- Theatrical release poster
- Directed by: Brendan J. Stafford
- Screenplay by: Desmond Leslie
- Produced by: Paul King
- Starring: Valentine Dyall Joseph O'Conor Agnes Bernelle
- Cinematography: Brendan J. Stafford
- Edited by: Ann Barker
- Music by: Leslie Bridgewater
- Production company: Leinster Films
- Release date: 1950;
- Running time: 84 minutes
- Country: United Kingdom
- Language: English

= Stranger at My Door (1950 film) =

1950 British film by Brendan J. Stafford

Stranger at My Door (also known as At a Dublin Inn) is a 1950 second feature ('B') British film directed by Brendan J. Stafford and starring Valentine Dyall, Joseph O'Conor and Agnes Bernelle. It was written by Desmond Leslie.
==Plot==
The story is narrated in flashback. Michael Foley is a young Irish ex-soldier whose girlfriend Laura is the victim of suave English blackmailer Paul Wheeler. Foley unwillingly resorts to crime to obtain money to pay off Wheeler.

==Cast==
- Valentine Dyall as Paul Wheeler
- Joseph O'Conor as Michael Foley
- Agnes Bernelle as Laura Riorden
- Maire O'Neill as Clarissa Finnegan
- Liam O'Leary as Kelly
- Jill Raymond as Kate
- Harry Hutchinson as Sean the publican
- Michael Moore as Septimus Small
- W. E. Holloway as the canon
- Michael Seavers as altar boy
- Alan Gore-Lewis as Detective Duffy
- Charles Mansell as Inspector O'Brien
- Dorothy Dewhurst as Laura's landlady
- Madelene Burgess as Rita
- Bea Duffell as Proctor Finnigan
- Jimmy Page as Guarda O'Toole
- Charles Vance as Guarda Hanlon
- Malachy Keegan as Guarda Heggetty
- Katherine Mora as the fence
- Nigel Neilsen as ballad singer

== Reception ==

The Monthly Film Bulletin wrote: "Confused but quite well handled thriller. ... Pleasant use of Dublin locations, and a good performance from Joseph O'Connor [sic] as the hero."
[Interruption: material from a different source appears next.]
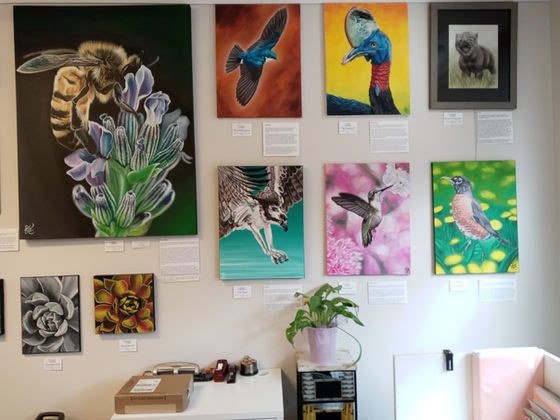 At last, Karen returned to beloved Downtown Louisville for their First Friday Art Walk! This time it was the REMAX office that allowed her to showcase her artwork on their walls from mid July through mid September. What an honor it was! Karen focused on installing mostly her animal artwork, with a few succulent artworks thrown in. It's Karen's passion to connect viewers with the natural world, so she carefully crafted descriptions of each animal featured: What makes each animal extraordinary? How can we reflect on each animal's qualities and survival strategies and learn to empower ourselves with it?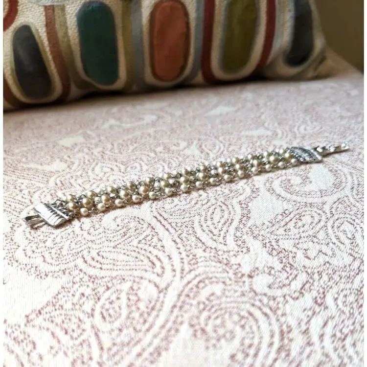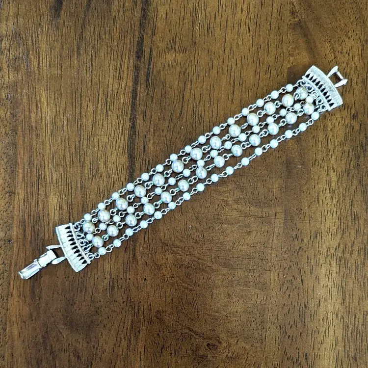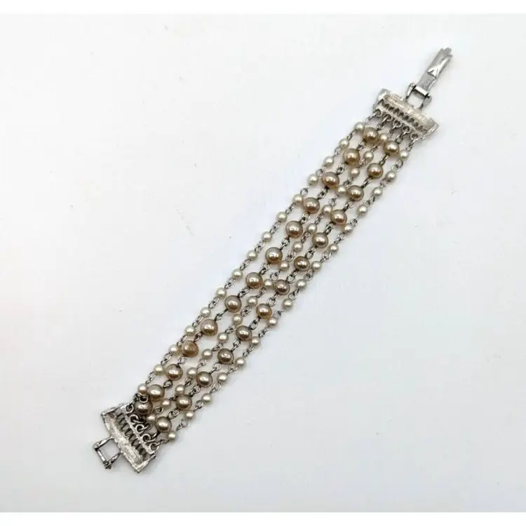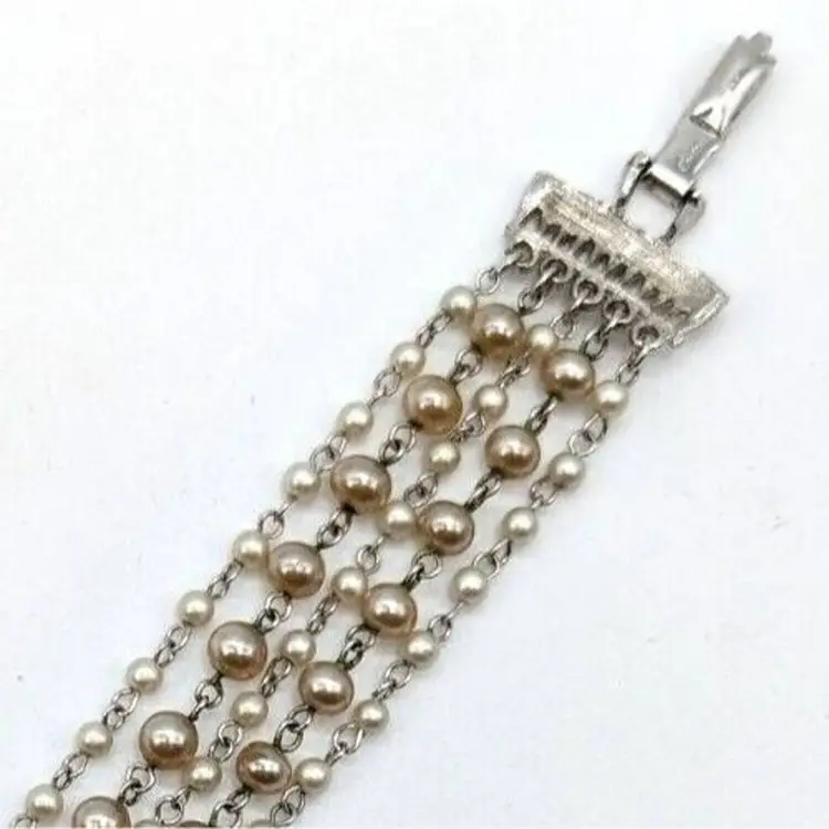 Coro Faux Pearl Seven Strand Bracelet Signed Vintage

Kine Weekly wrote: "Romantic crime melodrama, with a strong Irish flavour. ... Although direction is a trifle uneven, authentic Dublin backgrounds and an exciting rooftop chase climax cancel out most of its shortcomings. ...The picture goes out of its way to get a new slant on 'crime does not pay' and even if it is a little pretentious in places and forced in its comedy, it has convincing atmosphere."

Picture Show called the film an "exciting, if drawn-out, crime melodrama, ... told with humour and reality."

Chibnall and McFarlane, in The British 'B' Film, describe the film as "hardboiled melodrama".